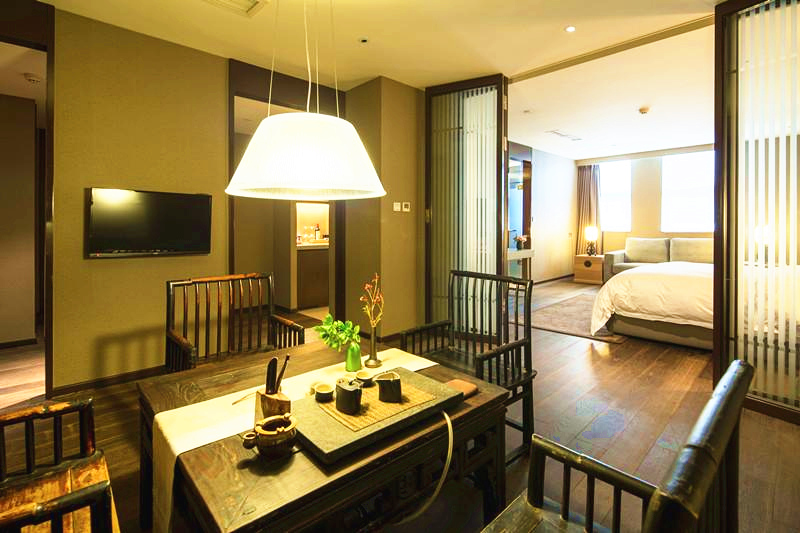坐落于福建省泉州市安溪县的悦泉行馆就是这么一个只有17套庭院别墅的精品度假酒店,它是全球奢华精品酒店(Small Luxury Hotelsof the World™)在中国仅有的11个联盟成员酒店中的一员。悦泉行馆隐匿于山环水抱之间,拥有独具特色的徽派及闽南建筑及日式庭院,同时因为处于茶乡,酒店还到处散发着别出心裁的茶元素,也给住客设计了别开生面的茶文化探索内容。然而由于经营模式和理念与大多数中式精品酒店相同,酒店开发商并不急于把它当作一门生意来经营。“我们酒店最初是所属集团的一个配套度假设施,主要做较为私密的高端商务度假接待,所以开业7年也很少对市场大力推广,”悦泉行馆运营总监张福生告诉界面新闻,“酒店工作日的生意相对冷清,周末会有不少闽南地区的度假客光顾,当然在任何时候我们也欢迎来自全国甚至全世界的客人。”
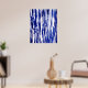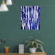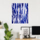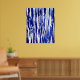Poster art imprimer original abstrait rayé aquarelle peinture en bleu et blanc.
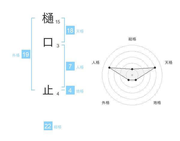 樋口 止さんの総格は22画の1点
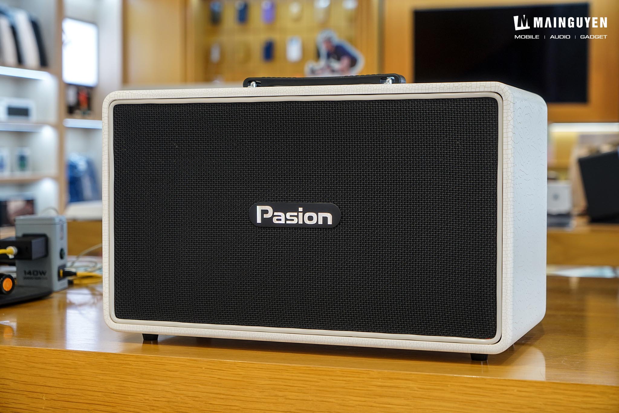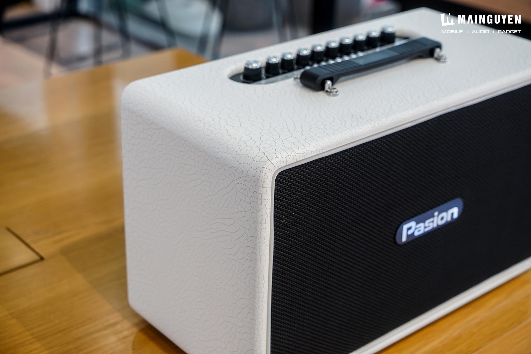 Loa karaoke di động PASION Arte có độ hoàn thiện tốt và chắn chắn, phần lưới bảo vệ màng loa bên trong mang đến sự cao cấp nhất định. Phía trên sẽ có phần quai xách để thuận tiện khi di chuyển.
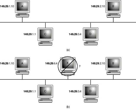 Consider the address 148.29.4.121. By applying the rules learned above, it can be determined that this is a class B address, since the first byte lies in the 128 to 191 range of values. And since a class B address has the first two bytes for a network address, it can be derived that the network address is 148.29 while the host address is 4.121 on that network. To generalize, given an IP address, its class can be recognized by interpreting the first byte. Consequently, the network portion of the address can be derived from the remaining bytes. Figure 20.12 shows an example of a class B network. Notice how all the hosts have the 148.29 network address in common. A host misconfigured (for example, host X in Figure 4.4b) to any other network address will not be able to talk to other hosts on the network, be it on same physical network or other router connected networks. When a host or any other network device is assigned an IP address, IP derives its network class and network address from that assignment (148.29). Later, when it is required to deliver a datagram to a host, it compares the network address of the destination address submitted by the transport protocol (TCP or UDP) to that of its own. If the addresses match, IP refrains from routing the datagram (as explained earlier, the datagram won't be sent to a router for assistance in delivery). Instead, IP assumes that the host is on the same network and, therefore, attempts a direct delivery to the designated node address. Figure 20.12. Assuming that you are on host X and want to establish a file transfer session with host A on the network, you can enter the command: ftp 148.29.1.10 Refer to the "Domain Name System" section later in this chapter to learn how to specify a host using a name instead of the IP address. TCP picks up the address and passes it to IP, at the Internet layer, along with a TCP segment (which in turn contains the user request for FTP connection) that it wants delivered to host A. IP, on host X, compares its own network address (147.29) with that of host A (148.29). Since they are not the same, IP concludes that host A must belong to a remote network, and therefore direct delivery is not possible. For simplicity, assume that the network in Figure 20.4b is the only one in its environment, in which case there can be no routers on the wire. IP won't be able to forward the packet any further and will report a failure to deliver to the upper layer or application. In Figure 20.13 you are shown two networks, a class B Ethernet network and a Token-ring class A network. A router is also shown connecting the two networks. An important observation to make is that the router is configured to two addresses, 148.29.15.1 and 198.53.2.8. The question that normally arises is, which of the two is the address? Well, as a matter of fact an address which you assign to the host is assigned to, or associated with, the network interface card that attaches the host to the network. Hence, in the case of a router and multihomed host, an address is required for every NIC card supported. Depending on which network the NIC attaches the host to, it must be assigned an IP address with a network part consistent with the network address assigned to the rest of the hosts community. Hosts on the Token-ring network use 198.53.2.8 to address the router, whereas those on Ethernet use 148.29.15.1. Figure 20.13. You saw earlier that all 0s and all 1s (0x0 and 0xff, respectively) are reserved for special purposes, and therefore cannot be used to designate a node on the network. This is because an all 0s node address refers to all nodes on the network. For example, in the routing table of the router in Figure 20.13, a destination address of 198.53.2.0 refers to all hosts on the Token-ring network . While an all 1s node address is normally used to broadcast a message to all hosts on that network. Therefore, a host transmitting a broadcast message to 198.53.2.255 will have the message picked up by all active hosts on the Token-ring network only. Similarly, a broadcast to 148.29.255.255 will be picked up by all hosts on the Ethernet. In addition to the reservations made on the node addresses described above, there are two class A network addresses that bear a special significance and cannot be used to designate a network. They are network addresses 0 and 127. Network 0 is used to designate the default route, whereas 127 is used to designate this host or the loopback address. As explained previously (refer to the "Data Routing" section) in this chapter, the default route refers to a router configuration that makes the routing of packets to destinations that are unknown to the router possible. The loopback address is used to designate the localhost and is used to send to the interface an IP datagram in exactly the same way other interfaces on the network are addressed. Conventionally, 127.0.0.1 is the address which is used to designate the local host. You can, however, use any other class A 127 address for the same purpose. For example 127.45.20.89 is valid for designating the local host as is the 127.0.0.1. This is because a datagram sent to the loopback interface must not, in any case, be transmitted on the wire. Subnet Mask Class B networks accommodate approximately 65,000 hosts each, whereas Class A networks accommodate thousands of nodes. In practice, however, it is not feasible to put all on the same network. Here are two considerations:
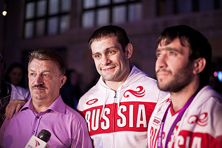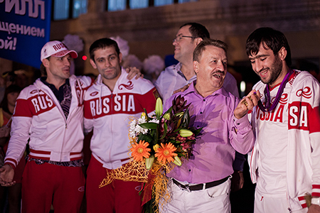 И тут появился сам чемпион. В белой спортивной форме, с золотой медалью на шее. Мансур Исаев говорил, что свою золотую медаль до сих пор не снимал, но в это особо не верилось. За ним появились и другие наши олимпийцы – дзюдоист Кирилл Денисов, тренеры российской команды Виталий Макаров и Дмитрий Морозов. Практически никем не замеченным оказался стрелок Денис Кулаков.
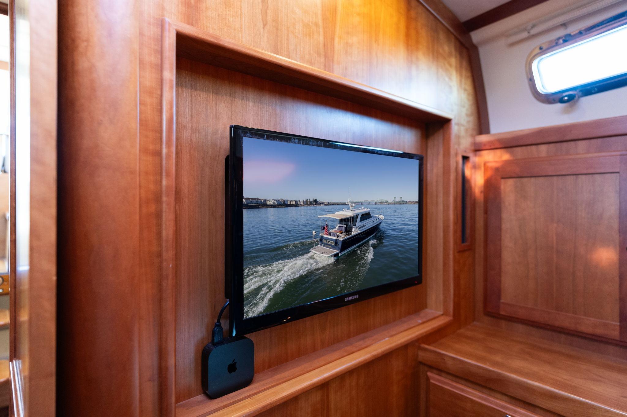 Seating to port includes a mate’s L-settee that converts to face the salon table, along with a raised U-shaped settee measuring approximately 94” x 50”, offering generous seating and integrated storage below. To starboard is a dedicated storage cabinet with an LED television mounted on a mechanical lift, maintaining clean sightlines when not in use. An icemaker installed in 2021 enhances onboard entertaining.
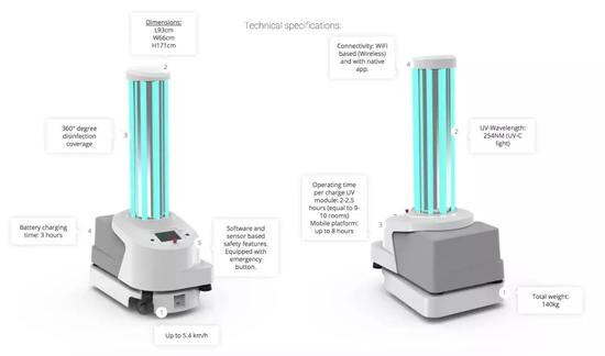 丹麦一家名叫UVD的机器人公司,就生产了一种机器人,能够在医院自动行走,并发出紫外线进行表面消毒。
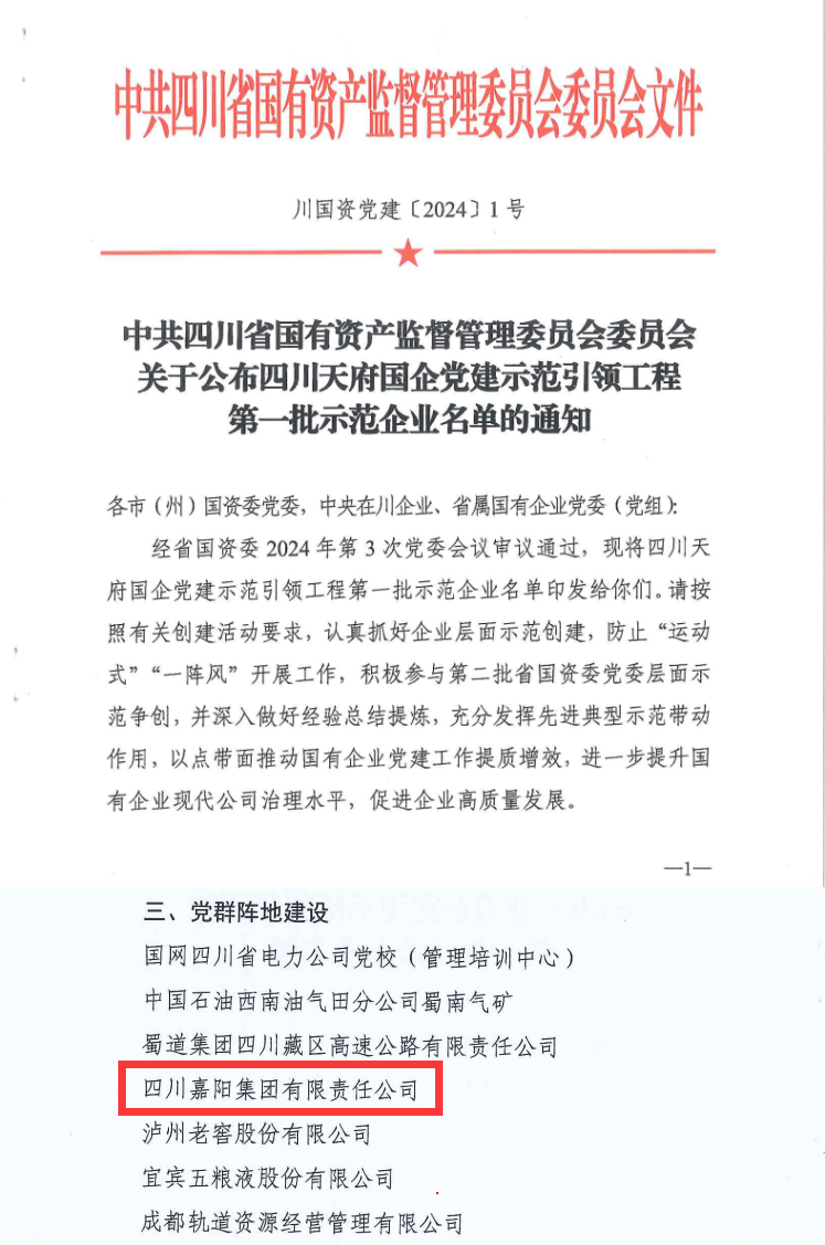 近日,省國資委黨委以川國資黨建〔2024〕1號文件公布四川天府國企黨建示范引領(lǐng)工程第一批示范企業(yè)名單,四川嘉陽集團(tuán)有限責(zé)任公司榜上有名。

########

About this exercise
Go through the material above and print all of it exactly, except the pictures.

Response to this exercise
坐落于福建省泉州市安溪县的悦泉行馆就是这么一个只有17套庭院别墅的精品度假酒店,它是全球奢华精品酒店(Small Luxury Hotelsof the World™)在中国仅有的11个联盟成员酒店中的一员。悦泉行馆隐匿于山环水抱之间,拥有独具特色的徽派及闽南建筑及日式庭院,同时因为处于茶乡,酒店还到处散发着别出心裁的茶元素,也给住客设计了别开生面的茶文化探索内容。然而由于经营模式和理念与大多数中式精品酒店相同,酒店开发商并不急于把它当作一门生意来经营。“我们酒店最初是所属集团的一个配套度假设施,主要做较为私密的高端商务度假接待,所以开业7年也很少对市场大力推广,”悦泉行馆运营总监张福生告诉界面新闻,“酒店工作日的生意相对冷清,周末会有不少闽南地区的度假客光顾,当然在任何时候我们也欢迎来自全国甚至全世界的客人。”
Poster art imprimer original abstrait rayé aquarelle peinture en bleu et blanc.
 樋口 止さんの総格は22画の1点
 Loa karaoke di động PASION Arte có độ hoàn thiện tốt và chắn chắn, phần lưới bảo vệ màng loa bên trong mang đến sự cao cấp nhất định. Phía trên sẽ có phần quai xách để thuận tiện khi di chuyển.
 Consider the address 148.29.4.121. By applying the rules learned above, it can be determined that this is a class B address, since the first byte lies in the 128 to 191 range of values. And since a class B address has the first two bytes for a network address, it can be derived that the network address is 148.29 while the host address is 4.121 on that network. To generalize, given an IP address, its class can be recognized by interpreting the first byte. Consequently, the network portion of the address can be derived from the remaining bytes. Figure 20.12 shows an example of a class B network. Notice how all the hosts have the 148.29 network address in common. A host misconfigured (for example, host X in Figure 4.4b) to any other network address will not be able to talk to other hosts on the network, be it on same physical network or other router connected networks. When a host or any other network device is assigned an IP address, IP derives its network class and network address from that assignment (148.29). Later, when it is required to deliver a datagram to a host, it compares the network address of the destination address submitted by the transport protocol (TCP or UDP) to that of its own. If the addresses match, IP refrains from routing the datagram (as explained earlier, the datagram won't be sent to a router for assistance in delivery). Instead, IP assumes that the host is on the same network and, therefore, attempts a direct delivery to the designated node address. Figure 20.12. Assuming that you are on host X and want to establish a file transfer session with host A on the network, you can enter the command: ftp 148.29.1.10 Refer to the "Domain Name System" section later in this chapter to learn how to specify a host using a name instead of the IP address. TCP picks up the address and passes it to IP, at the Internet layer, along with a TCP segment (which in turn contains the user request for FTP connection) that it wants delivered to host A. IP, on host X, compares its own network address (147.29) with that of host A (148.29). Since they are not the same, IP concludes that host A must belong to a remote network, and therefore direct delivery is not possible. For simplicity, assume that the network in Figure 20.4b is the only one in its environment, in which case there can be no routers on the wire. IP won't be able to forward the packet any further and will report a failure to deliver to the upper layer or application. In Figure 20.13 you are shown two networks, a class B Ethernet network and a Token-ring class A network. A router is also shown connecting the two networks. An important observation to make is that the router is configured to two addresses, 148.29.15.1 and 198.53.2.8. The question that normally arises is, which of the two is the address? Well, as a matter of fact an address which you assign to the host is assigned to, or associated with, the network interface card that attaches the host to the network. Hence, in the case of a router and multihomed host, an address is required for every NIC card supported. Depending on which network the NIC attaches the host to, it must be assigned an IP address with a network part consistent with the network address assigned to the rest of the hosts community. Hosts on the Token-ring network use 198.53.2.8 to address the router, whereas those on Ethernet use 148.29.15.1. Figure 20.13. You saw earlier that all 0s and all 1s (0x0 and 0xff, respectively) are reserved for special purposes, and therefore cannot be used to designate a node on the network. This is because an all 0s node address refers to all nodes on the network. For example, in the routing table of the router in Figure 20.13, a destination address of 198.53.2.0 refers to all hosts on the Token-ring network . While an all 1s node address is normally used to broadcast a message to all hosts on that network. Therefore, a host transmitting a broadcast message to 198.53.2.255 will have the message picked up by all active hosts on the Token-ring network only. Similarly, a broadcast to 148.29.255.255 will be picked up by all hosts on the Ethernet. In addition to the reservations made on the node addresses described above, there are two class A network addresses that bear a special significance and cannot be used to designate a network. They are network addresses 0 and 127. Network 0 is used to designate the default route, whereas 127 is used to designate this host or the loopback address. As explained previously (refer to the "Data Routing" section) in this chapter, the default route refers to a router configuration that makes the routing of packets to destinations that are unknown to the router possible. The loopback address is used to designate the localhost and is used to send to the interface an IP datagram in exactly the same way other interfaces on the network are addressed. Conventionally, 127.0.0.1 is the address which is used to designate the local host. You can, however, use any other class A 127 address for the same purpose. For example 127.45.20.89 is valid for designating the local host as is the 127.0.0.1. This is because a datagram sent to the loopback interface must not, in any case, be transmitted on the wire. Subnet Mask Class B networks accommodate approximately 65,000 hosts each, whereas Class A networks accommodate thousands of nodes. In practice, however, it is not feasible to put all on the same network. Here are two considerations:
 И тут появился сам чемпион. В белой спортивной форме, с золотой медалью на шее. Мансур Исаев говорил, что свою золотую медаль до сих пор не снимал, но в это особо не верилось. За ним появились и другие наши олимпийцы – дзюдоист Кирилл Денисов, тренеры российской команды Виталий Макаров и Дмитрий Морозов. Практически никем не замеченным оказался стрелок Денис Кулаков.
 Seating to port includes a mate’s L-settee that converts to face the salon table, along with a raised U-shaped settee measuring approximately 94” x 50”, offering generous seating and integrated storage below. To starboard is a dedicated storage cabinet with an LED television mounted on a mechanical lift, maintaining clean sightlines when not in use. An icemaker installed in 2021 enhances onboard entertaining.
 丹麦一家名叫UVD的机器人公司,就生产了一种机器人,能够在医院自动行走,并发出紫外线进行表面消毒。
 近日,省國資委黨委以川國資黨建〔2024〕1號文件公布四川天府國企黨建示范引領(lǐng)工程第一批示范企業(yè)名單,四川嘉陽集團(tuán)有限責(zé)任公司榜上有名。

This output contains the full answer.